The clinical presentation of these chronic complications is usually in the form of "tumor like" or "golf ball" swellings at the injection sites either in the abdomen or thighs, which are the common sites for insulin injection. [2],[3],[4],[5] Patients prefer the same site as it becomes relatively painless over time and is convenient. [1] This probably explains the chronic traumatic injury due to needles leading to tissue injury and fat necrosis with calcification in the dead tissues as in our case.

A background of lipodystrophy may exist in these areas as well, but was not seen in our case.

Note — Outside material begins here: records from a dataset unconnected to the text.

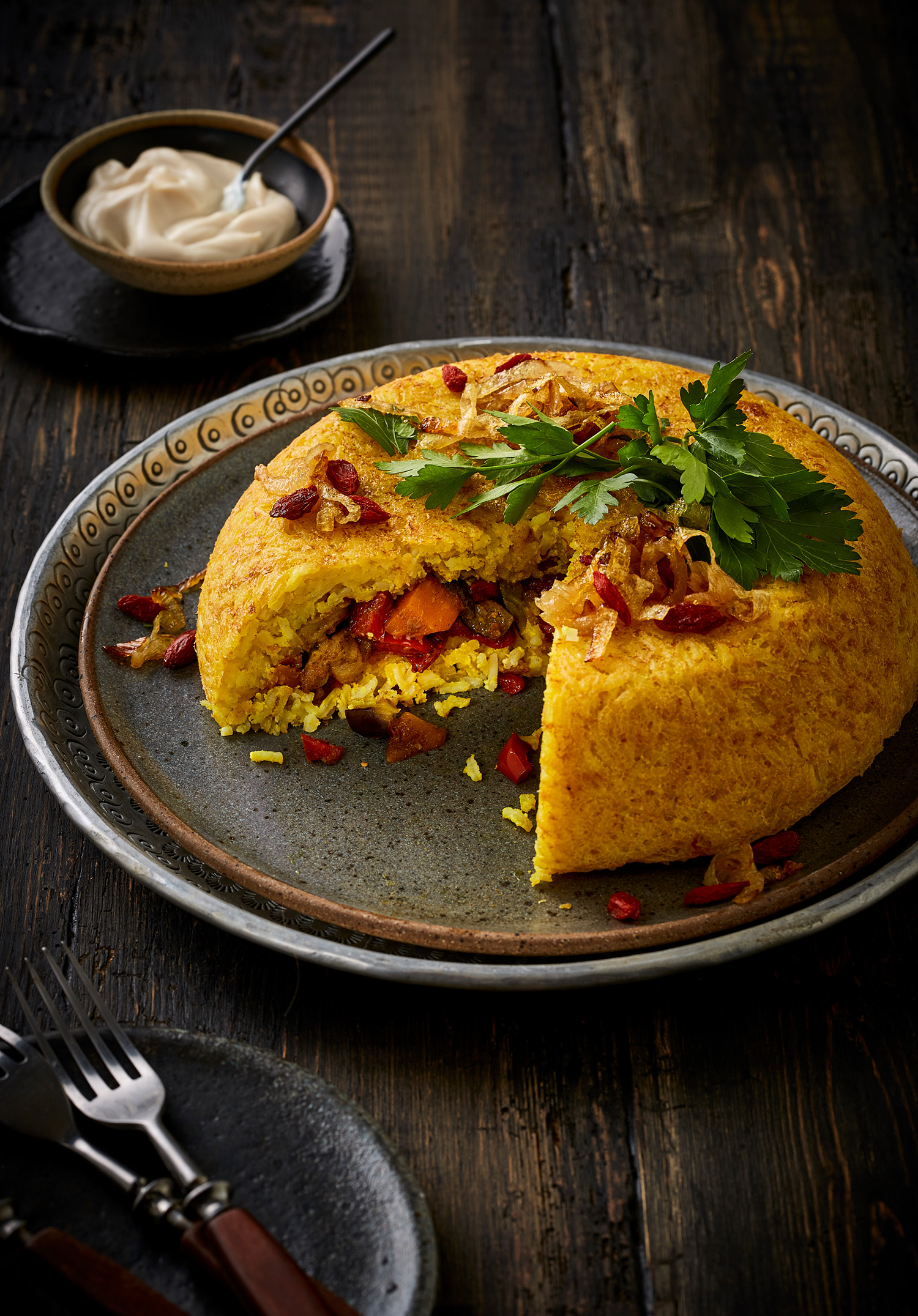 - Return pan to medium heat and cook until you hear the rice sizzle, reduce heat to medium-low and cook for a further 8-10 minutes. Remove from heat and transfer to oven and bake for 45 minutes or until rice appears set and lightly browned. Cool in pan for 10 minutes and then turn onto a serving platter. Top with caramelised onions, parsley and remaining goji berries.
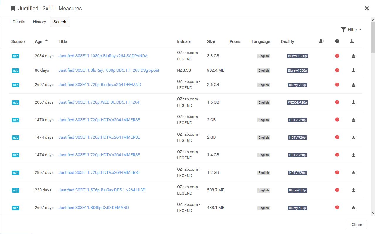 When performing an interactive search, I tried to sort by date, size, and the sort order is wrong…
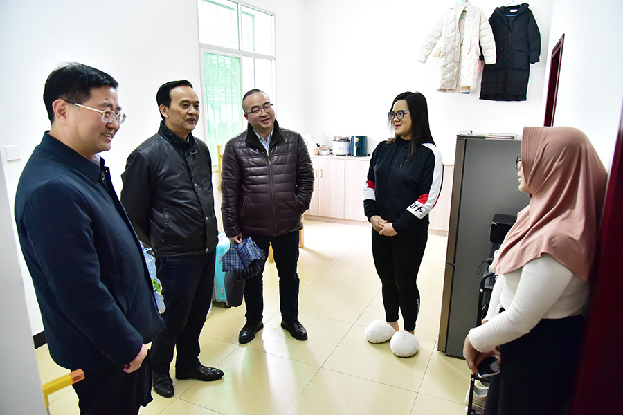 向前进(左二)、邓磊(左一)在博爱6栋宿舍与留学生交谈
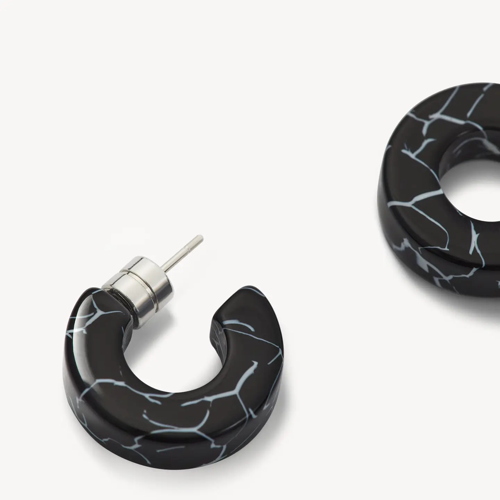 Compact, chunky hoops handmade from our Italian bio-acetate with engraved barrel backings.
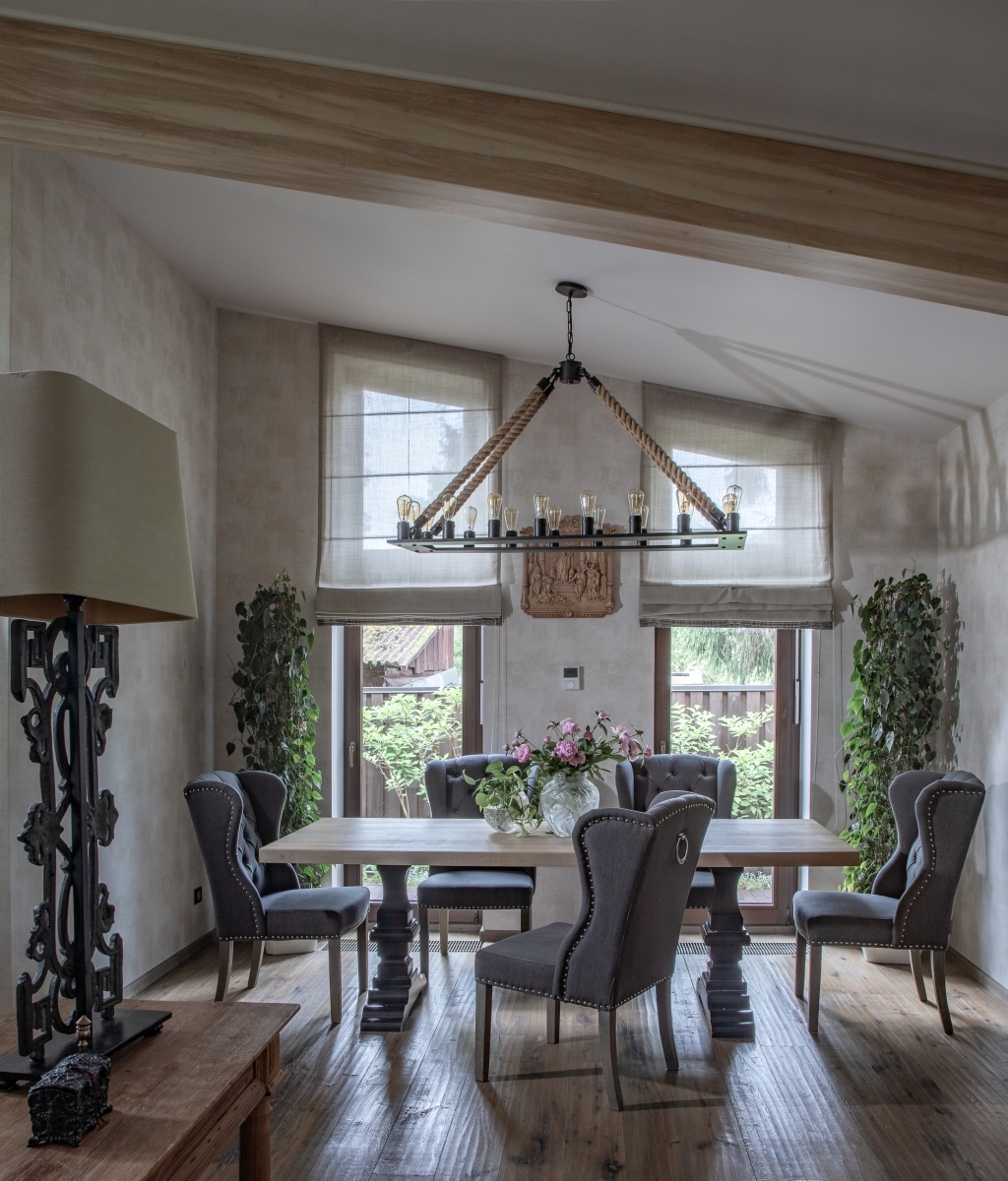 В кухне-столовой создан контраст камерности и открытости. Небольшие окна рабочей зоны с кружевными занавесками ручной работы дарят ощущение домашнего уюта, тогда как панорамные окна-двери на террасу служат главной цели — наполнить пространство светом круглый год. Барные стулья, подвесные светильники — салон «Дилижанс». В кухне-столовой создан контраст камерности и открытости. Небольшие окна рабочей зоны с кружевными занавесками ручной работы дарят ощущение домашнего уюта, тогда как панорамные окна-двери на террасу служат главной цели — наполнить пространство светом круглый год. Барные стулья, подвесные светильники — салон «Дилижанс».

The recurrent abscess at the injection site in our patient may have further contributed to tissue injury.

The prevalence of lipohypertrophy, the most common cutaneous complication at the injection site, varies from 27% to 48% [3],[6],[7] and is seen more commonly with type 1 rather than type 2 diabetes. [8] Lipoatrophy is not commonly encountered these days due to the use of recombinant human rather than bovine or porcine insulin. [9] Pathogenesis of lipodystrophy is probably the lipolytic effect of insulin itself as well as some immunological factors related particularly to immune antibodies.

Poor glycemic control in diabetics with all such chronic cutaneous complications has been noted and postulated to be because of poor absorption at these sites. [10],[11]

Like in other reports our patient also had slight improvement in glycemic control after removal of the swelling and advises to rotate injection sites. [2],[11]

 Conclusion



The present case attempts to highlight the need to examine the injection sites of all diabetics to look for cutaneous complications. This becomes particularly important if the glycemic control is erratic or poor. Dystrophic calcification is one of the rare complications of insulin injection and awareness of this entity will alert the clinician to the fact that the patient needs to rotate the injection site.